7. Keep a bit of the starchy water
By now the starch in your pasta likely feels like your arch nemesis but it does have its uses. Before pouring it all down the sink when you drain your pasta, syphon off about half a cup. Adding a bit of this starchy water to your pasta sauce can help give it a bit of gloss, especially if it’s a bit too dry or thick.
Cooking gluten-free pasta
Most traditional pastas are made from durum wheat as it’s not too starchy. If you’re cooking gluten free pasta however I’m afraid it’s all too easy to end up in wallpaper paste territory as a lot of gluten free pastas are made from starch-heavy corn and rice blends. I’ve been cooking gluten-free pasta for years so here are a few pointers:
Use a shite load of water. And I do mean a shite load.
As there’s usually a lot more starch in gluten free pasta that starch will need somewhere to go so make sure you use the largest saucepan you own and fill it with as much water as it will comfortably hold. The entire contents of your local reservoir ought to do it. The larger the pan and quantity of water, the less likely you are to be serving your pasta by the slice!
If you need to cook a larger amount of gluten-free pasta then it might be worth splitting it between 2 pots to avoid starch overload.
Go for a blended free-from pasta
Some free-from pastas are made from a single flour like rice or corn. These are generally harder to cook in my experience as they’re incredibly starchy. Thankfully most free from pasta is made from blends of different flours like rice, corn, quinoa and millet which helps tame the glueyness so I’d opt for these instead.
Avoid boiling fresh gluten-free pasta too vigorously
Gluten-free pasta has improved a lot over the years and there are now some pretty decent fresh varieties available. While I always follow the packet instructions in the first instance I’ve actually found that vigorously boiling fresh gluten-free pasta tends to destroy it. Not surprising given the lack of gluten to help hold it together! Instead, try simmering the pasta but stir it frequently and gently. …remember this only works if you follow point one above and use loads of water and a big pan.

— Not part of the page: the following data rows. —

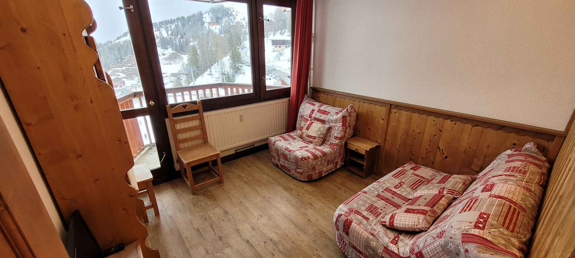 Situé dans la résidence le france, au pied des pistes de plagne centre. studio type confort de 16m² pour 2 personnes, rénové dans un style montagne moderne, avec balcon vue mont blanc.
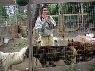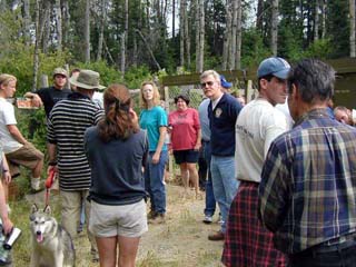Hamilton photo Inuit Sled Dog International Holds First Official Conference reported by Sue Hamilton The Inuit Sled Dog International (ISDI) held its first official meeting on the weekend of July 13 to 15 in Ely, Minnesota [USA]. Hosts Paul and Susan Schurke welcomed about forty ISD enthusiasts from across the United States and Southern Canada as well as locally from Ely, at their Wintergreen Dog Sledding Lodge. More of a family reunion than a meeting, the event, officially described as the "Gathering", seemed aptly titled. Folks who may have only previously communicated via email, snail mail or the occasional telephone call, and some who had never met each other assembled for what can be described as a sense that this was an opportunity to "seize the moment". Despite the moderate heat and humidity and some bloodthirsty mosquitoes, spirits were high and the atmosphere was full of enthusiasm and optimism. In between mouthfuls of food and the scheduled programs, veteran ISD owners and a few wide-eyed newcomers filled the air with a cacophony of conversation, sometimes long into the night, about their favorite subject: the Inuit Sled Dog. Folks from a full spectrum of working backgrounds (educators; fraud investigators; supervisors; truck drivers; a former professional hockey player; outfitters; sales reps and manufacturers; writers; dog food, pharmaceutical, veterinary, and human medical professionals, and even some retirees) discovered how much they had in common. Heard from several people with small recreational ISD teams were expressions of relief and delight that they no longer felt alone, having discovered others who enjoy their hobby at a modest but rewarding level. The weekend began Friday afternoon as the participants arrived. Many came bearing contributions for the Friday evening potluck supper. Also offered was a wide array of items donated for Saturday's Chinese auction. Room assignments and registration packets containing the program, participant list, embroidered patch bearing the new ISDI logo and a commemorative ID badge were handed out. After folks settled their gear into their sleeping quarters (some choosing to camp), they quickly got down to getting to know each other as they nibbled on munchies, while the lodge's twenty-four-foot table was covered from end to end with dinner items, and an outdoor cooker was fired up for the super fresh corn on the cob. A few calories were burned off as the assemblage ambled over to the "big house" as it was called, Paul and Susan's personal residence, where extra chairs borrowed from a local church were set up for the larger than anticipated crowd. After brief welcoming remarks, and a reading of the ISDI financial report, Ely resident Will Steger offered a retrospect of how he came to be an polar adventurer. The evening was rounded out by a video and talk by John Senter of Oregon [USA] and Sylvia Feder of Washington [USA] on the Oregon Dune Mushers' Mail Run. This annual non-competitive carting event takes place in March. Teams of three dogs and larger trace an historical mail route, traveling up and down dunes of impressive height and along and sometimes in the surf that pounds the beautiful Pacific Northwest coast. Yes, Inuit Dogs "do" sand, too!
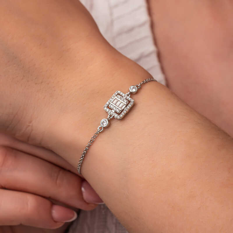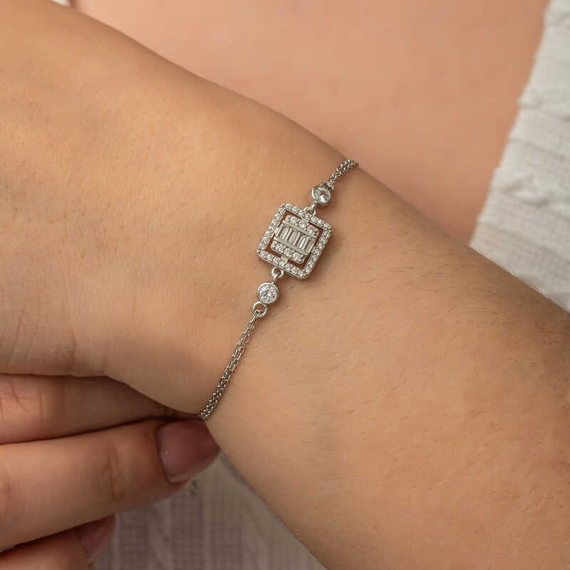 Gümüş Kare Baget Taşlı Kadın Bileklik
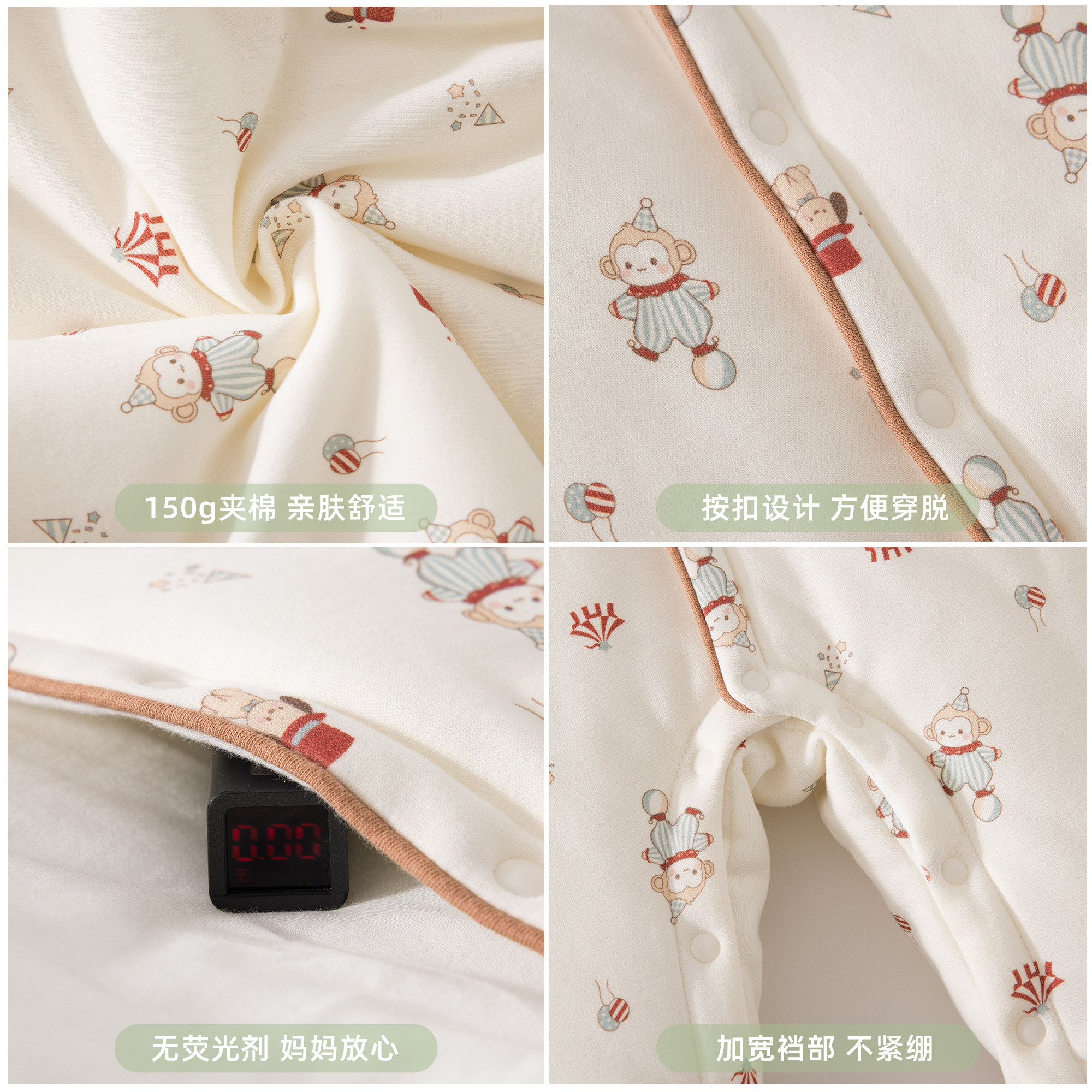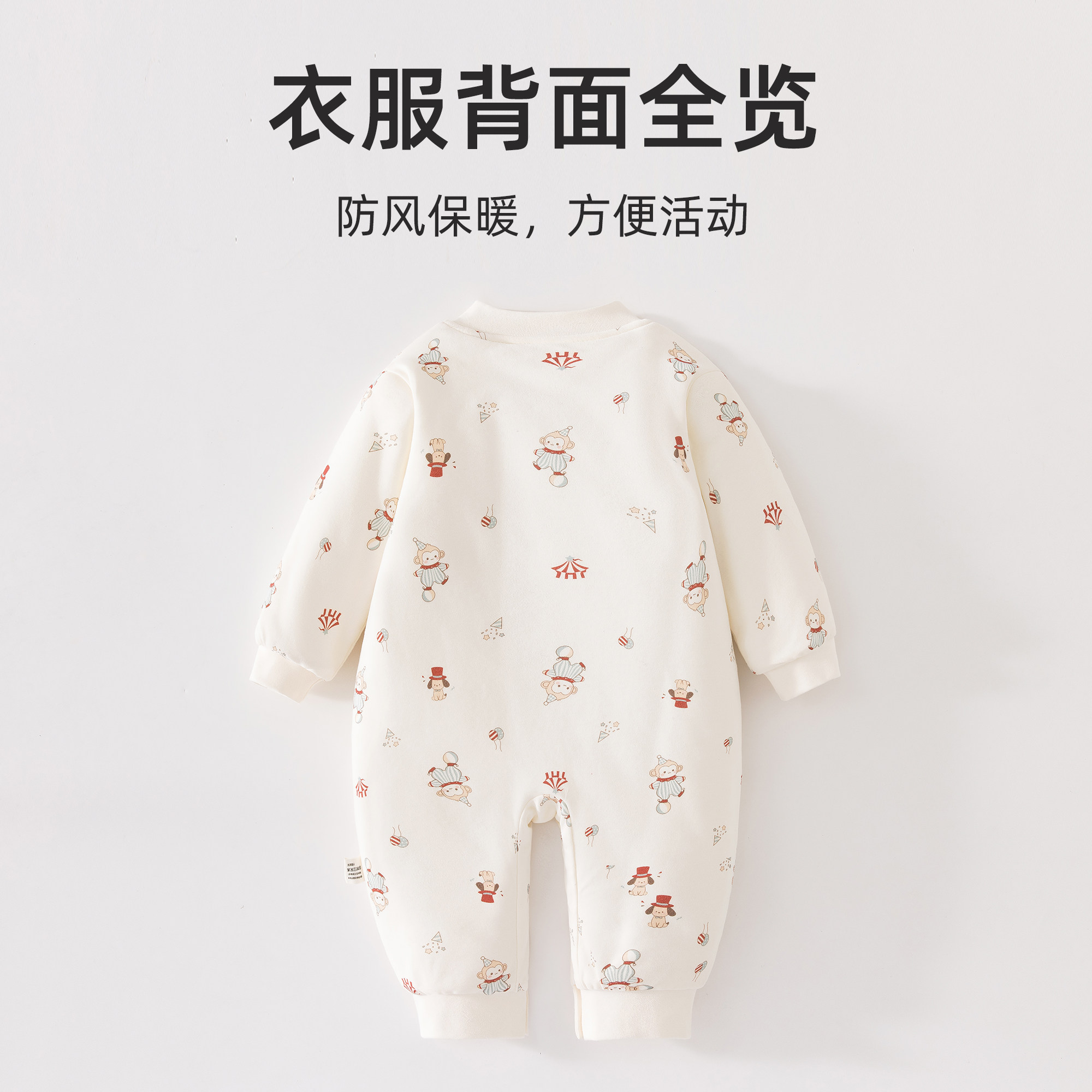 贝肽斯婴儿薄夹棉连体衣冬装外出新生幼儿宝宝衣服保暖空气棉睡衣
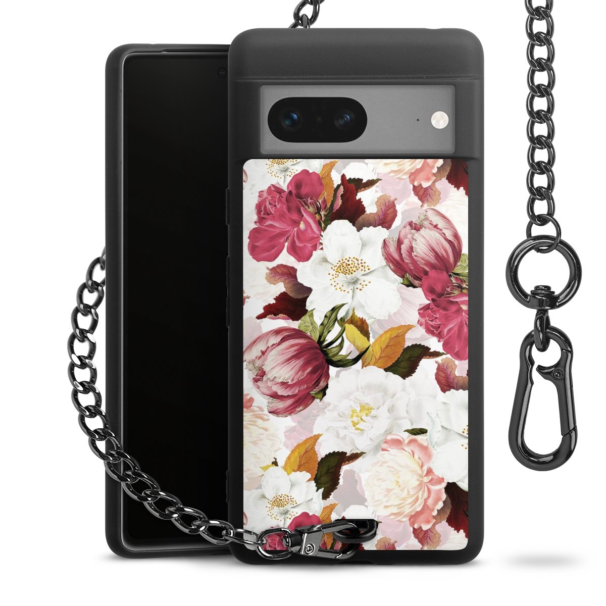 Die mattschwarze Silikon-Handyhülle besteht aus robustem TPU (thermoplastisches Polyurethan). Sie ist flexibel und schützt Dein Smartphone vor Stößen und Kratzern. Die Kette sowie der Karabinerhaken sind aus Metall in Gunmetal-Optik gefertigt. Für dieses Produkt kommen ausschließlich TÜV-geprüfte Materialien zum Einsatz.
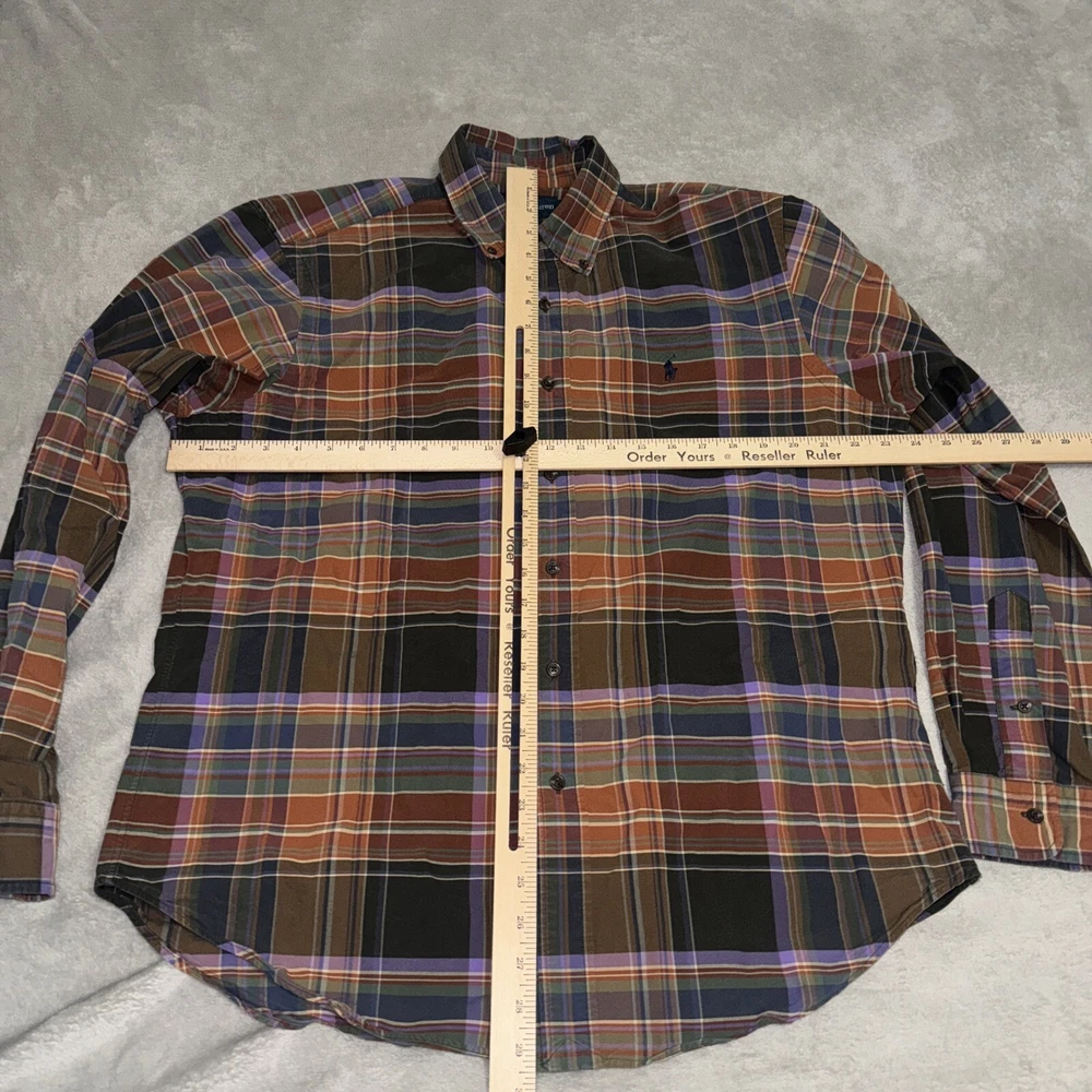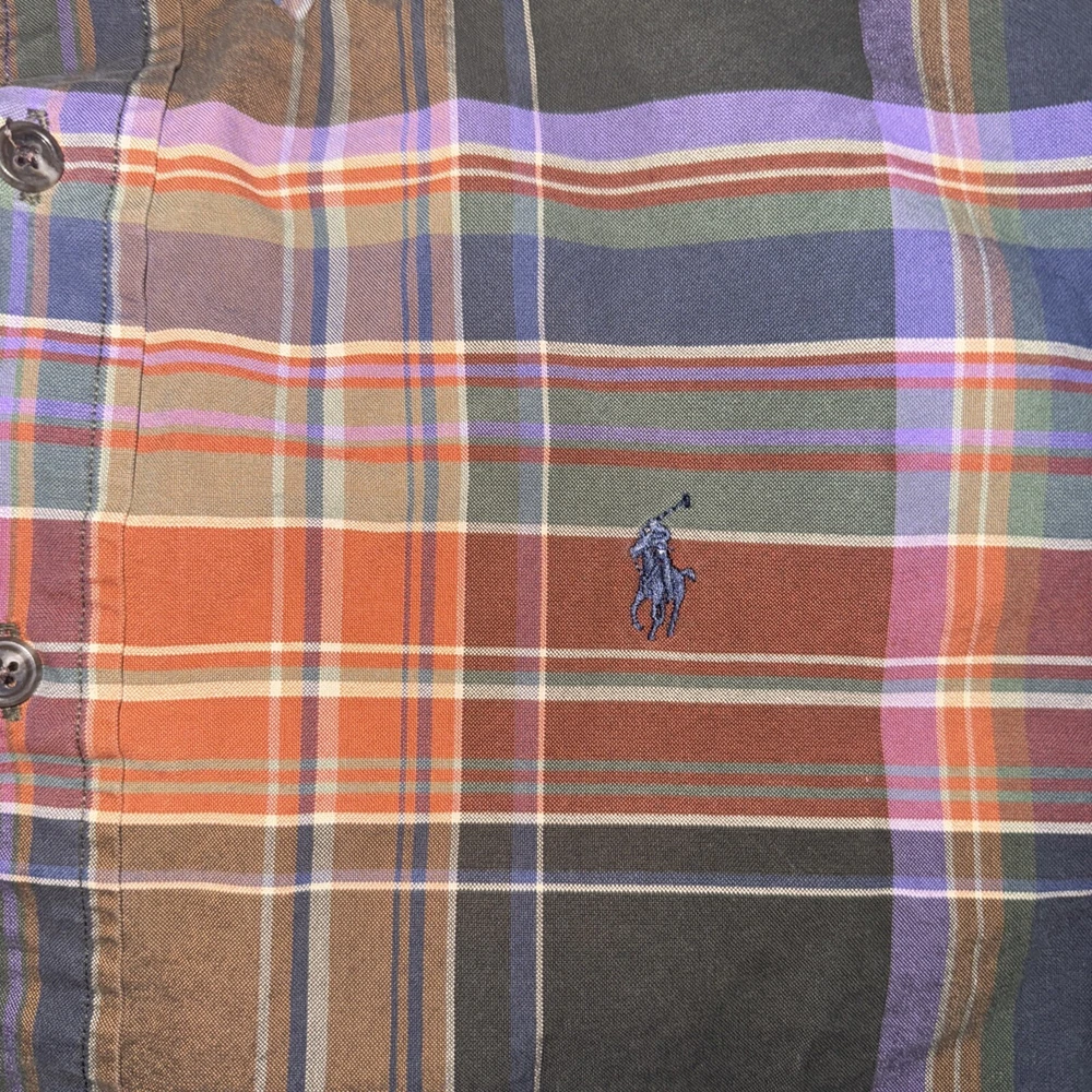 Elevate your wardrobe with this stylish Ralph Lauren button-down shirt. The shirt features a classic fit, long sleeves, and a collared neckline with a button-down closure. The plaid pattern adds a touch of sophistication to the shirt, making it perfect for any occasion, whether it be a wedding, party, or business meeting. Crafted from breathable cotton fabric, this shirt is machine washable and suitable for all seasons. It also features embroidered accents and the iconic small pony and Ralph Lauren characters. This shirt is a must-have for any fashion-forward man who wants to make a statement.

Ignore the cooking instructions on gluten-free tortelloni
I always assumed the people who actually make gluten-free pasta know how to cook it better than I do. Turns out I was wrong. Fresh, gluten-free tortelloni is incredibly delicate and just can’t cope with being flung around in a pan of boiling water; even if it is only for 60 seconds. Instead, fill your pan with (lots of) freshly boiled water from the kettle, add salt, and carefully slide your tortelloni into it. Then, very gently stir it several times over the course of the cooking time quoted on the packet. Carefully drain and serve. No need to switch your hob on.